Upon release, Rolling Stone published a glowing review saying, "It's difficult to isolate any one or two songs as being special favorites". Reviewer Todd Everett praised the band for "their ability to intermix vocal and instrumental sounds — the voices often go into a feedback guitar imitation.
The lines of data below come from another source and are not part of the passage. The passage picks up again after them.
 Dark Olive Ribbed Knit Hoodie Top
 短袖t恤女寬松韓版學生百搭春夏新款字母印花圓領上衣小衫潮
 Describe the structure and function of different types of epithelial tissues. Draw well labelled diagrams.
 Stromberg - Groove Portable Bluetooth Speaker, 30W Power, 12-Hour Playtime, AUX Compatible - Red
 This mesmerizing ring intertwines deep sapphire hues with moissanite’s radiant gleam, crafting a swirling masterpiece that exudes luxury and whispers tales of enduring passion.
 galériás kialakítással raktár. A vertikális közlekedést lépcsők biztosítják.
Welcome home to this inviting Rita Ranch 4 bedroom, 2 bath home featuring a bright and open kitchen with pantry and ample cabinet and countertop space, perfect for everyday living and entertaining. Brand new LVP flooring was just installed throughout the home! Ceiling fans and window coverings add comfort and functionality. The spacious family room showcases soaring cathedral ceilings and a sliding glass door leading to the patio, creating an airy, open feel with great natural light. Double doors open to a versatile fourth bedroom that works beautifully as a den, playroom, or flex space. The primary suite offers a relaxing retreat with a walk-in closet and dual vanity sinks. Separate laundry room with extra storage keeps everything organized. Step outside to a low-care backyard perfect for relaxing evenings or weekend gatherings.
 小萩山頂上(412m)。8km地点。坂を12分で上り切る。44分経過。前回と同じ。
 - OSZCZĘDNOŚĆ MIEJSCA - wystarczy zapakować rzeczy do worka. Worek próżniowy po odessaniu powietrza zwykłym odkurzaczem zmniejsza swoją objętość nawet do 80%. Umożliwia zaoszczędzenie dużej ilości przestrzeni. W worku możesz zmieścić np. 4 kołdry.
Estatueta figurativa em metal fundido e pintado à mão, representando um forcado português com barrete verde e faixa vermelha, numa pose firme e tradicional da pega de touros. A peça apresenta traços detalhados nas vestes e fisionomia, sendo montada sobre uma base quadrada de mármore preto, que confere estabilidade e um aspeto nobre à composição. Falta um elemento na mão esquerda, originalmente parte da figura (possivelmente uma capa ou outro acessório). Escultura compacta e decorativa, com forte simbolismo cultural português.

It's not the kind of trick every group should try". In the UK reception was also highly positive, with Ray Hollingworth of Melody Maker describing it as "energy-packed rock, basted with Bolan's poetic and imaginative vocals", while Nick Logan of New Musical Express opined it was "immensely enjoyable...electricity has had a dual effect of strengthening the rhythmic and melodic qualities of Bolan's compositions and after five albums, it must be a source of satisfaction to pull out such good songs". Disc & Music Echo also called it superb, claiming "sweeping strings and lush backings suit this duo far better than one might have expected" while Penny Valentine at Sounds noted "people may argue that T. Rex's sound is no longer mystic and pure, but I for one am thankful it's not...Marc, while still retaining a lot of typical Bolanesque, now has much more rhythmic appeal and firm attraction".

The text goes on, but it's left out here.